I lived in rural NC where we got very poor FM reception, but one AM station
carried Coast to Coast AM, rebroadcasting the previous night before moving on
to the live one (due to the time zone difference). Some nights I would listen
through until dawn. There was such a striking sense of place he invoked in the
show, and I would fall asleep dreaming of those roads I'd never seen.

I've still never been to the high desert, but one of my favorite things to do
recently has been to play American Truck Simulator in Nevada or California
while streaming his archives.

I know Art left and returned to radio several times over his career, and I
held out hope he might do so yet again. I'm not one to really mourn the loss
of celebrities, but the world is a little less mysterious and interesting
without Art Bell.

------
AndrewKemendo
Coast to Coast AM was my go-to bedtime routine as a kid. I'd get tucked in and
then sneakily turn my am radio on and listen for hours.

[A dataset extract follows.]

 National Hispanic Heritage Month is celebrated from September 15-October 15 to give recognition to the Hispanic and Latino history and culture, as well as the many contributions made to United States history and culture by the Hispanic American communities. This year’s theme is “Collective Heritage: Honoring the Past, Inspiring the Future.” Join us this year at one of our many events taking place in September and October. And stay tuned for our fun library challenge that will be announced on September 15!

It wasn't even that I liked the content so much, as I liked hearing Art talk
to callers and how he was never condescending and just took their stories as
though they were telling the truth. It really stuck with me then that he just
had a crazy open mind - and I feel like that's had lifelong impacts.

It also really got me into radio and eventually I ran our college radio
station - engineering and all - to try and recreate the excitement of live
radio.

He had a great call with George Carlin that was really fun and interesting one
time that is worth a listen.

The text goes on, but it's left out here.